Les figures institutionnelles que Louise Hervé et Chloé Maillet incarnent ne servent qu’à mieux mettre en critique l’instauration tant du savoir que de l’art. Dans leurs performances, leurs corps deviennent vecteurs d’histoires, vecteurs de l’Histoire : le discours et le savoir s’incorporent. L’Histoire se rejoue au présent ; elle s’incarne. La reconstitution se fait performance, le savoir-même est performé. Prêtant leur corps aux conventions, aux assignations, ces prétendues passeuses infiltrent en fait le discours, interprètes du refoulé de l’art, figures d’une altérité du discours sur l’art, d’une altérité du langage. Performant l’histoire du lieu, performant l’histoire de l’art, elles révèlent le lien entre performance et affirmation de subjectivité, et donnent à voir la performance comme résistance possible à l’académisme, comme résistance aux catégorisations enfermantes.
En s’appropriant le discours sur l’art, Louise Hervé et Chloé Maillet débusquent les enjeux de pouvoir derrière la liberté affichée de l’art et l’universalité voulue de ses critères d’appréciation. Mettant en lumière les idéologies de l’art et bouleversant par leur performance langagière les règles du jeu de l’art, Louise Hervé et Chloé Maillet réactivent cette dimension politique, réflexive et subversive liée à la performance10. La frontière entre savoir et performance, comme celle entre art et vie, se brouille. Ce décloisonnement mène à interroger la prétendue neutralité du savoir, sa prétention à l’universalité. Moyen privilégié d’inscription d’une subjectivité, la performance est en effet un acte d’incorporation. Mais incorporer le savoir, qu’est-ce que cela implique ?
Performer le savoir11
Performance et savoir : ces deux termes désignent a priori des domaines étrangers l’un à l’autre et, mis côte à côte, ne sont pas sans réveiller cette vieille opposition entre corps et esprit avec, d’une part, l’action, le geste et, de l’autre, la réflexion, la théorie. Leur association ne permettrait-elle pas justement d’ébrécher cette polarisation si structurante et de pointer les enjeux relatifs à l’énonciation du savoir, la corporéité à l’œuvre dans sa transmission ? Ce pourrait être une façon de mettre en lumière la manière dont la performance et le savoir, le corps et le langage, s’altèrent réciproquement. Au contact d’un corps soumis à des changements d’états, le savoir oralisé y apparaîtrait dans toute sa matérialité et sa force d’agir.

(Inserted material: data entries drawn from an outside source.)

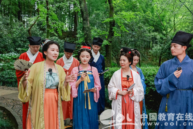 中国教育在线浙江站讯 (编辑 陈显婷 通讯员 张昊敏)兰亭,地处绍兴西南,毗邻兰渚山麓,相传春秋战国时期越王勾践曾在此种过兰草,汉代又设过驿亭,是江南的著名园林。这片风景秀丽、被历史与文化浸润的土地,自古便是文人墨客心中的圣地。“此处有崇山峻岭,茂林修竹,又有清流激湍,映带左右。”永和九年(353)上巳节,王羲之与好友同聚兰亭,作曲水流觞之戏,酒后用蚕茧纸、鼠须笔,乘兴挥洒写下《兰亭集序》。自此,“曲水流觞”成为千古佳话,兰亭也成为了闻名世界的书法圣地。6月24日,由贵州茅台酒厂(集团)保健酒业有限公司、贵州茅台浙江省经销商联谊会和av動漫联合主办,绍兴兰亭景区管理有限公司和av動漫文旅融合传播创新中心承办的“曲水流觞·赴良辰——浙东唐诗之路沉浸式文化旅播行”活动在绍兴兰亭景区举行。
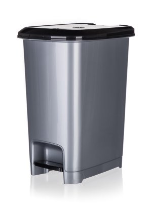 Plastový odpadkový koš s pedálovým otevíráním víka, objem 24 litrů.
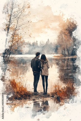 © Nature's beauty, Fototapeta premium A serene moment by the water capturing the connection between two souls in nature's embrace
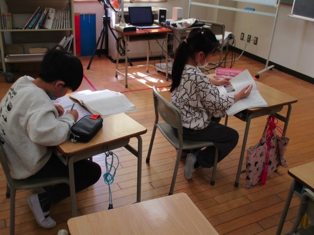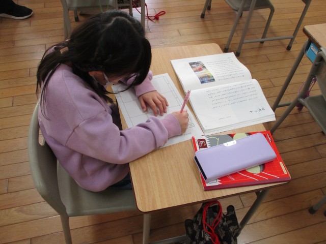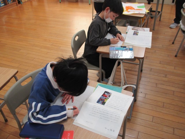 説明文の筆者の問いを見付け、それについて答えている文を読んで、プリントに書いていました。今日は欠席する子が多いですが、真剣にがんばっています。
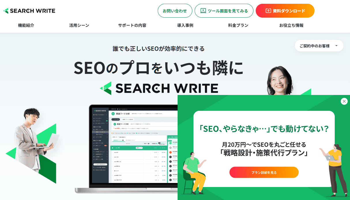 SEARCH WRITEは、キーワード選定・構成の作成・執筆・公開後の効果測定・リライトまで制作の全工程をサポートします。
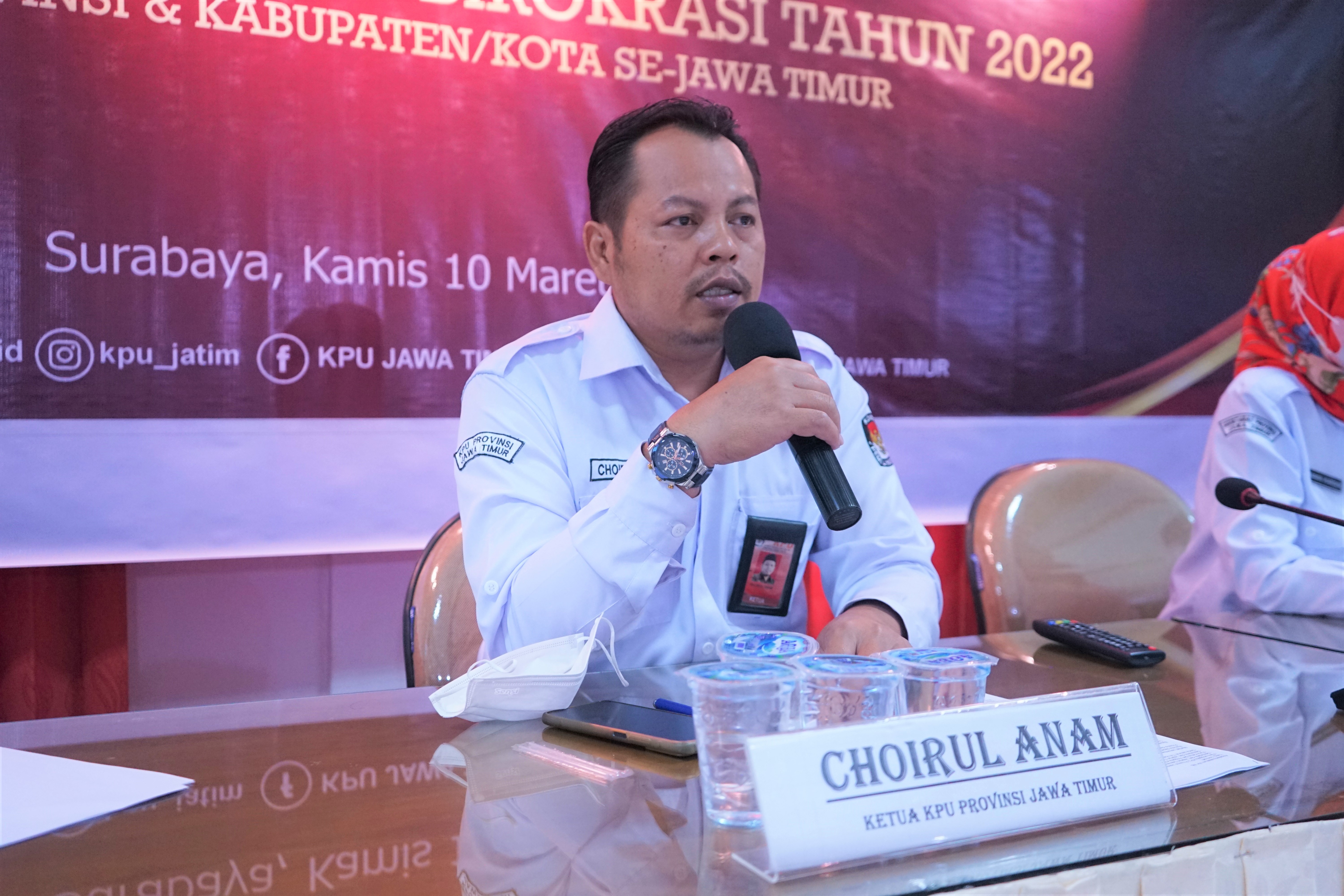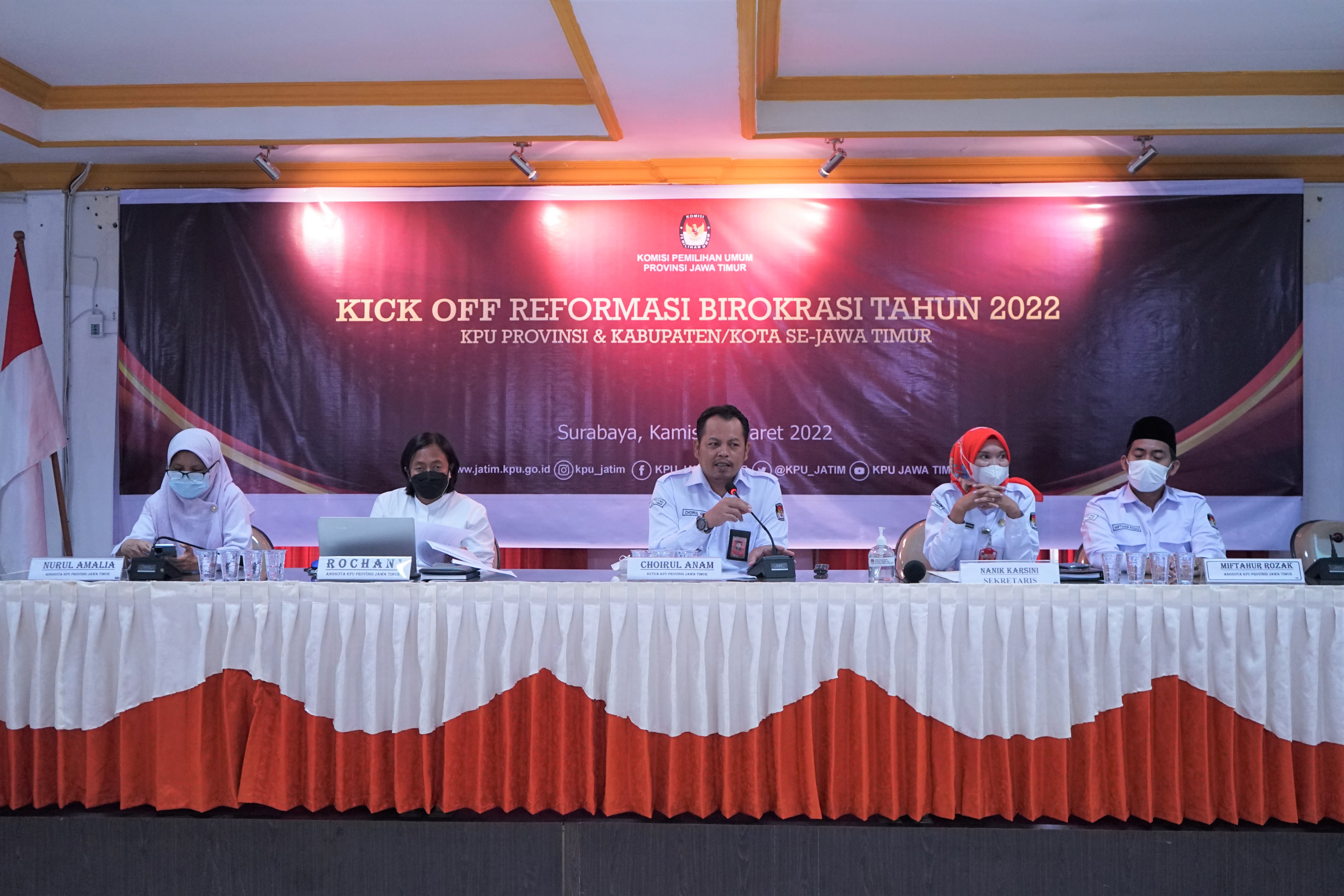 Demikian disampaikan Ketua KPU Jatim, Choirul Anam saat memberikan sambutan pada Kick Off Reformasi Birokrasi Tahun 2022 yang dilaksanakan oleh KPU Provinsi Jawa Timur (KPU Jatim) bersama dengan 38 KPU Kabupaten/ Kota pada Kamis (10/3) secara hybrid.

Performance et savoir ont en commun d’être des espaces symboliques d’énonciation, d’affirmation, d’instauration. Une pratique les réunit : celle de la mise en scène voire de la ritualisation de la parole12. Lieu privilégié de transmission du savoir, la conférence s’avère en effet être, sous son apparente transparence académique ou sociale, un exercice relevant de la performance, avec son protocole et ses accessoires.
Dans cette perspective, la conférence-performance, dont Jean‑Philippe Antoine a souligné la récurrence dans le champ contemporain ainsi que les enjeux, mérite un intérêt particulier13. Articulant et déconstruisant dans le même temps un prétendu savoir, cette forme apparaît foncièrement critique ; elle mène en outre à concevoir assez littéralement le langage comme matériau, le savoir comme matière à travailler. S’y trouve souligné ce qui ne peut qu’affleurer (et aspire à l’invisibilité) dans une conférence : le dispositif et la corporéité. Face au « contenu » d’une conférence-performance, surgissent des interrogations concernant la légitimité de la parole, son statut, son pouvoir.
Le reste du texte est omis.